Стратоник таинственно подмигнул хозяину дома. Боярыня Анка хоть и заметила это, но виду не подала.
— У меня, видно, жар, — пожаловался вдруг боярин, вспомнив о своих страданиях. — Поднесла бы ты своими руками, матушка моя, кружку вина. А рядом с моей кружкой — поставь еще одну для благочестивого отца Стратоника.
— Сей же час батюшка, — заторопилась боярыня.
Она вышла, быстро притворила за собой дверь. И тут же приникла к ней ухом.

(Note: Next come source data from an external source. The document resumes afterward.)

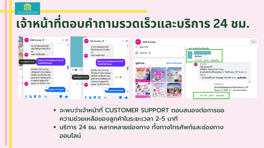 - มีบริการช่วยเหลือออนไลน์ 24 ชม. ผ่านเพจ GSB Society และ GSB Web Chat มีเจ้าหน้าที่ให้บริการตอบคำถามข้อมูลเบื้องต้นตลอด 24 ชม. อาจจะใช้เวลารอประมาณ 2-5 นาทีในการตอบคำถามทั้งนี้ขึ้นอยู่กับปริมาณผู้รับบริการ
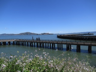 We didn't wander as far afield on our last day. We walked about along the Embarcadero, and walked out on our favorite wooden pier to give our feet a break.
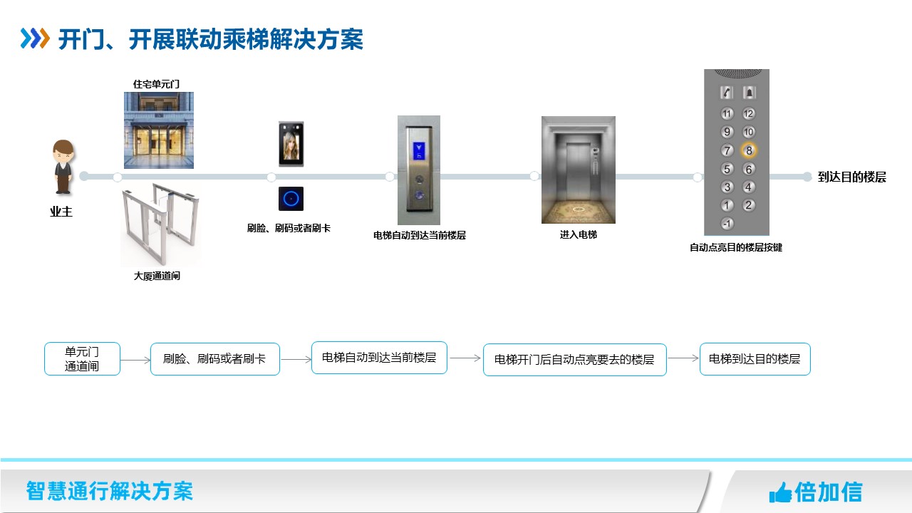1、單元門或者通道閘上面,刷卡、刷碼、刷臉后,自動呼叫電梯到當(dāng)前樓層;
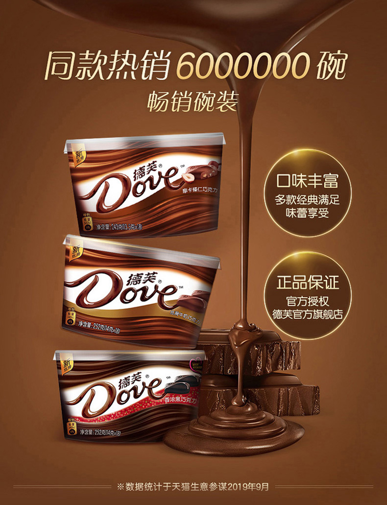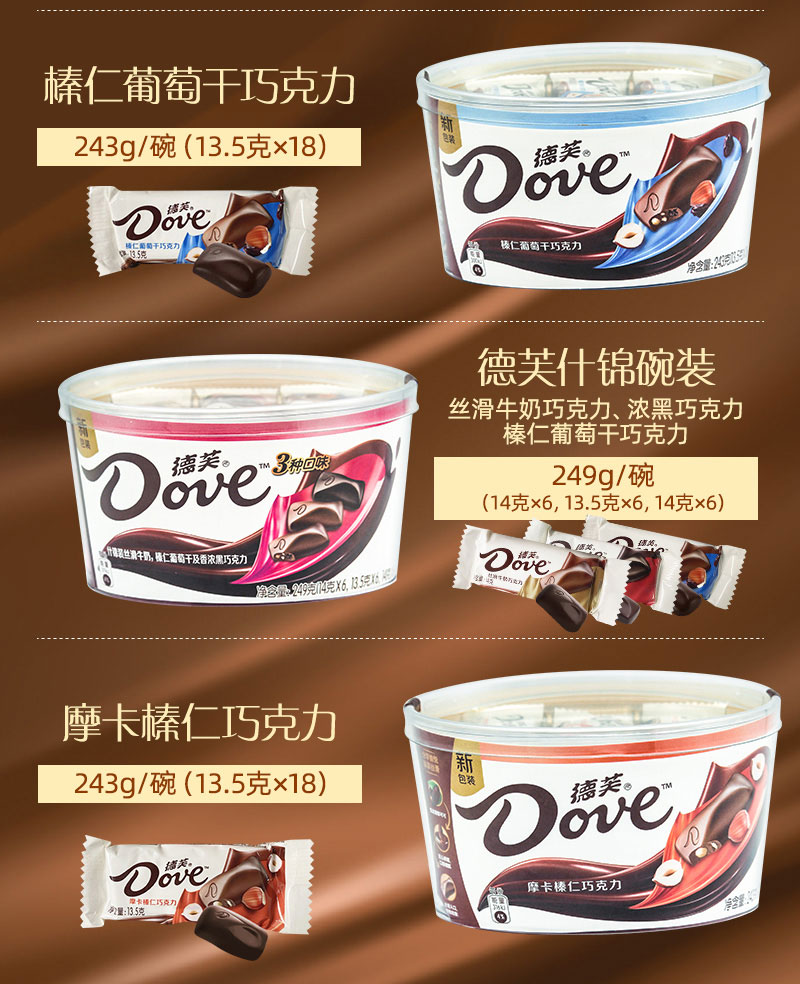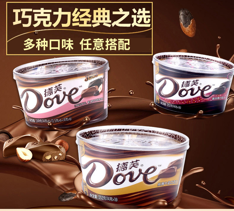 德芙巧克力252g碗装桶装礼盒装黑白巧榛仁丝滑牛奶喜糖休闲零食

— Честной боярин, — глухо проговорил монах, наклонившись к больному, — а ведь господарь наш Штефан двинул войска к ляшским пределам.
— Правильно поступил государь, — спокойно кивнул боярин Яцко.
— Повелел он гетману двинуть к рубежу в какое-то никому не ведомое место конников из трех краев. Петру Хэрман уже два дня как отъехал. Дворяне говорят, что он отправился в Котнар. Но мы знаем, что он уехал возглавить конные рати. И есть еще одна новость, боярин, которая обрадует тебя.
— Говори. Вижу — господь и Штефан-водэ услышали мои моления.
— Сегодня, самое позднее завтра, — продолжал Стратоник, — приедет сюда по приказу господаря Ионуц Ждер. И ты должен, боярин, отдать ему в руки стада откормленных волов, приготовленных для немецких купцов. Конюший поведет их в Польшу.
— В этом нет надобности. У меня достаточно своих людей. А как переправят стада за рубеж, там тоже дожидаются мои люди. А во Львове товар переходит к немецким купцам. Половину денег я уже получил. Во Львове мой человек получит вторую.